Blood glucose levels during exercise (A), and gastrocnemius glucose uptake (*R_g*; B), glucose clearance (*K_g*; C), AMP-activated protein kinase (AMPK)α2 activity (D), AMPKα2 Thr¹⁷² phosphorylation (E), and acetyl-CoA carboxylase (ACC)β Ser²²¹ phosphorylation at rest (SED) and in response to a 30 min bout of exercise (EX) in 16 week old C57BL/6J mice fed a chow or high-fat (HF) diet. Data are mean ± S.E.M for N=5–7 per group. In B–F data are expressed as fold-change from corresponding SED. ‡ main effect for chow vs. HF, p<0.05; † p<0.05 vs. corresponding SED; * p<0.05 vs. corresponding chow.

Under basal conditions, no differences were observed for whole cell AMPKα2 activity or AMPKα2 Thr¹⁷² phosphorylation in the gastrocnemius of chow- and HF-fed WT mice. Basal levels of whole cell ACCβ Ser²²¹ phosphorylation were slightly, but not significantly elevated in HF-fed WT mice (p=0.3 vs. chow-fed WT). AMPKα2 and ACCβ protein expression were similar between groups. In chow-fed WT mice, exercise significantly increased AMPKα2 activity (Figure 1D), AMPKα2 Thr¹⁷² phosphorylation (Figure 1E), and ACCβ Ser²²¹ phosphorylation (Figure 1F). In contrast, these exercise-induced increases were all ablated in HF-fed WT mice.

We next assessed whether the impairment in whole cell AMPKα2 activity was localized to specific subcellular compartments. Nuclear AMPKα2 activity in response to exercise tended to increase in chow-fed mice (p=0.09 vs. sedentary); nuclear AMPKα2 activity in response to exercise was significantly reduced in HF-fed mice compared to chow-fed mice (Figure 2A). Likewise, cytosolic AMPKα2 activity increased during exercise in chow-fed mice, whereas no increase was seen in HF-fed mice (Figure 2B). The suppressed nuclear and cytosolic AMPKα2 activity in HF-fed mice was not due to reduced AMPKα2 protein expression (Figure 2C and 2D). Indeed, the exercise-induced increase in nuclear AMPKα2 activity of chow-fed WT mice occurred despite lower protein levels of AMPKα2.

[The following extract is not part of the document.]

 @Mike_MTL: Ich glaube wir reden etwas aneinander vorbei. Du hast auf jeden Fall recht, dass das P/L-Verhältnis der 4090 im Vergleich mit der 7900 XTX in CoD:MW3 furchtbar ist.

Nuclear AMP-activated protein kinase (AMPK) α2 activity (A), cytosolic AMPKα2 activity (B), nuclear AMPKα2 protein expression (C), and cytosolic AMPKα2 protein expression in gastrocnemius muscle of 16 week old C57BL/6J mice fed a chow or high-fat (HF) diet. Mice either remained sedentary (SED) or performed 30 min of treadmill exercise (EX). Data are mean ± S.E.M for N=6–8 per group. † p<0.05 vs. corresponding SED; * p<0.05 vs. corresponding chow.

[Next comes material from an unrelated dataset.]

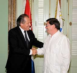 Los cancilleres de Cuba, Bruno Rodríguez, y de Uruguay, Luis Almagro.

AMPK-dependent and -independent factors regulate exercise capacity in obese states

Our findings above demonstrate that a HF diet impairs exercise capacity during an exercise stress test. To determine the degree to which the impaired exercise capacity in HF-fed mice was directly dependent upon impaired activation of AMPKα2, chow- and HF-fed α2-KD mice performed an exercise stress test. α2-KD mice were utilized as AMPKα2 activity is essentially abolished in skeletal muscle of these mice both at rest and in response to moderate intensity exercise in vivo³. In α2-KD mice HF-feeding resulted in similar changes in body composition to that of HF-fed WT mice (data not shown). As expected³, chow-fed α2-KD mice had impairments in running speed and running time compared to chow-fed WT mice (~45 and ~55% reduction, respectively; p<0.001). V̇O_2peak during the exercise stress test was also reduced in chow-fed α2-KD vs. WT mice (Figure 3); however, V̇O_2peak for chow-fed α2-KD mice was higher than that observed in HF-fed WT mice. HF feeding further reduced V̇O_2peak in α2-KD mice; in fact, no significant increase in V̇O₂ was observed during the exercise stress test (Figure 3). HF feeding also reduced running time in α2-KD mice (7.6±0.9 vs. 10.0±0.9 min for HF-fed and chow α2-KD mice, respectively; p<0.05), while there was a tendency for reduced maximum running speed (18±1 vs. 21±1 m•min⁻¹; p=0.06).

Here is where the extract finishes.